◆ Required action ◆
Would you repeat each line below exactly, without the pictures?

◆ Supplied data ◆
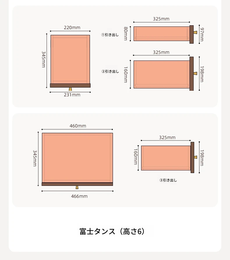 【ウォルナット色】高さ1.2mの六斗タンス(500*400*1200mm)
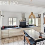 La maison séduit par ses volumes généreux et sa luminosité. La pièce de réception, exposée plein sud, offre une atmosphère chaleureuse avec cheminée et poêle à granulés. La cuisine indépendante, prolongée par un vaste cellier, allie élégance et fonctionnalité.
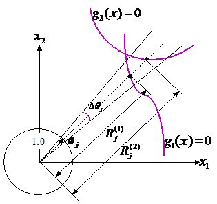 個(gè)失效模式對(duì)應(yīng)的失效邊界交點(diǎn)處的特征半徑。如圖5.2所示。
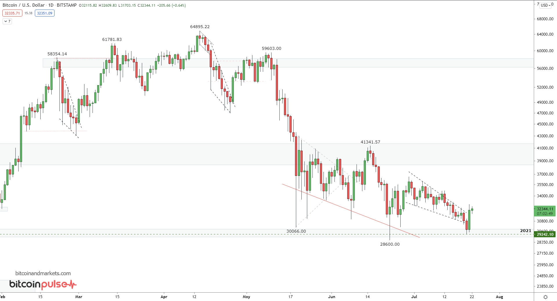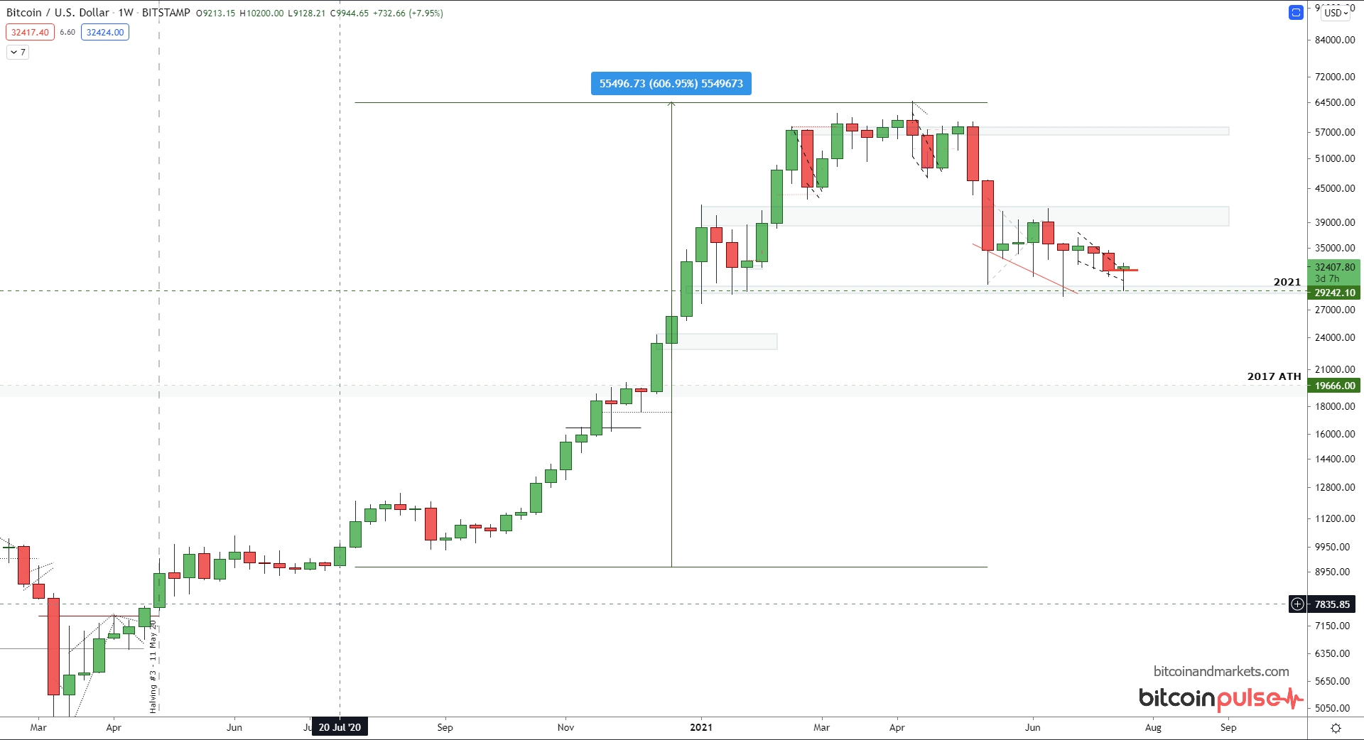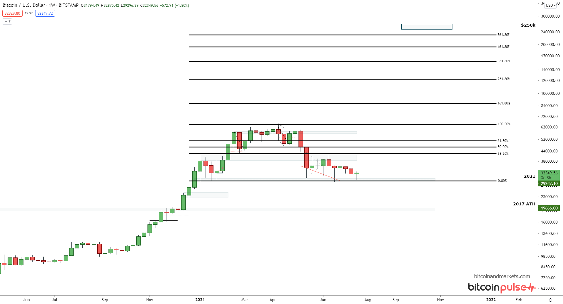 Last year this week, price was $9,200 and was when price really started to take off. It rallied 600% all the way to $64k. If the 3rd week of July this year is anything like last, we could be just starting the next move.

◆ Answer to this task ◆
 【ウォルナット色】高さ1.2mの六斗タンス(500*400*1200mm)
 La maison séduit par ses volumes généreux et sa luminosité. La pièce de réception, exposée plein sud, offre une atmosphère chaleureuse avec cheminée et poêle à granulés. La cuisine indépendante, prolongée par un vaste cellier, allie élégance et fonctionnalité.
 個(gè)失效模式對(duì)應(yīng)的失效邊界交點(diǎn)處的特征半徑。如圖5.2所示。
 Last year this week, price was $9,200 and was when price really started to take off. It rallied 600% all the way to $64k. If the 3rd week of July this year is anything like last, we could be just starting the next move.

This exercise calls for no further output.